KUBSan is broken, but that's a different issue:
https://syzkaller.appspot.com/bug?id=45ae16994ec8d7f93267596924612083802d2abf

[Chuck Silvers]

On Tue, May 25, 2021 at 08:29:18PM +0200, Dmitry Vyukov wrote:
> On Tue, May 25, 2021 at 5:29 PM Dmitry Vyukov <dvy...@google.com> wrote:
> > Oh, a change that messes with timeouts leads to timeouts... that's suspicious :)
> > I think I see the issue. The problem is that the code in
> > pkg/build/netbsd.go skips all of our verification/completion logic. As
> > a result the manager config has 0 timeouts and qemu immediately
> > timeouts.
> > I've created https://github.com/google/syzkaller/pull/2598 to fix this.
>
> Woohoo! We are alive and kicking again with fresh kernel builds:
> https://syzkaller.appspot.com/netbsd
> So that turned out to be just that silly bug...

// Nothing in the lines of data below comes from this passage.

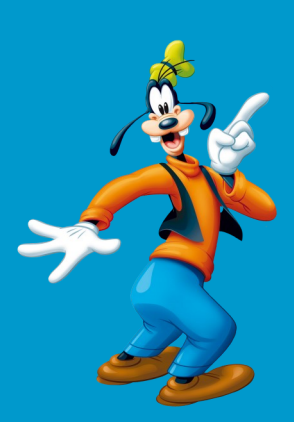
"I Love to Ride & Travel"
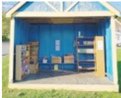
Our Little Free Pantry in West Milton

MONTHLY FOOD COLLECTION: Social Ministry collects non-perishable food items each week.
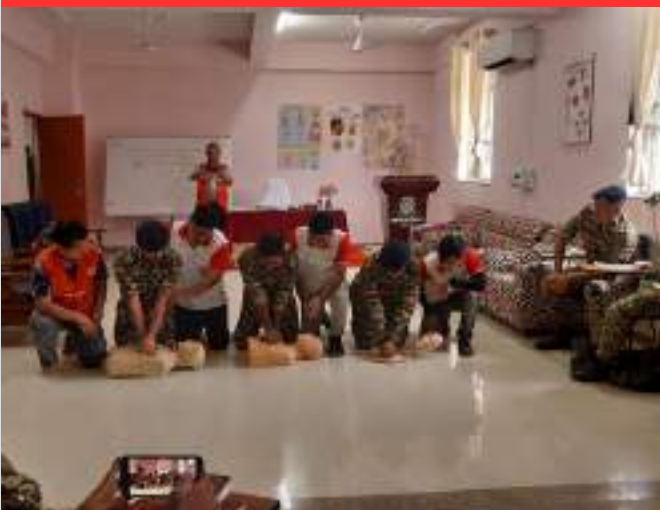
IRCS Imphal West District Branch conducted first aid training program for CRPF jawans of Nagaland & Manipur at Group Centre Manipur and Nagaland Sector CRPF Langjing, Imphal
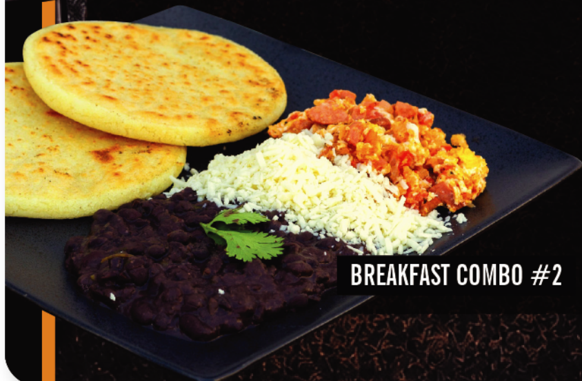
BREAKFAST COMBO #2
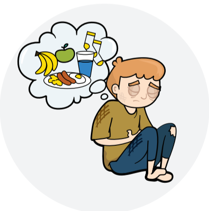
Not providing adequate food, clothing or medical needs for a child
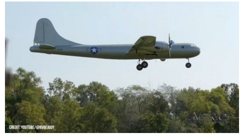
Airborne Affordable Flyers 09.26.24: EXP B29!, EAA v FAA, Affordable Flyer Expo
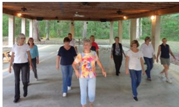
Are we having fun, yet?

great, I'm glad it was simple to fix.
I guess I'll just leave the image-creation stuff alone for now
since it's working at this point.

> KUBSan is broken, but that's a different issue:
> https://syzkaller.appspot.com/bug?id=45ae16994ec8d7f93267596924612083802d2abf

I fixed that just now, hopefully that's the only one that happens during boot.

thanks for your help!

-Chuck

[Dmitry Vyukov]

Cool! All 3 instances seem to be working now.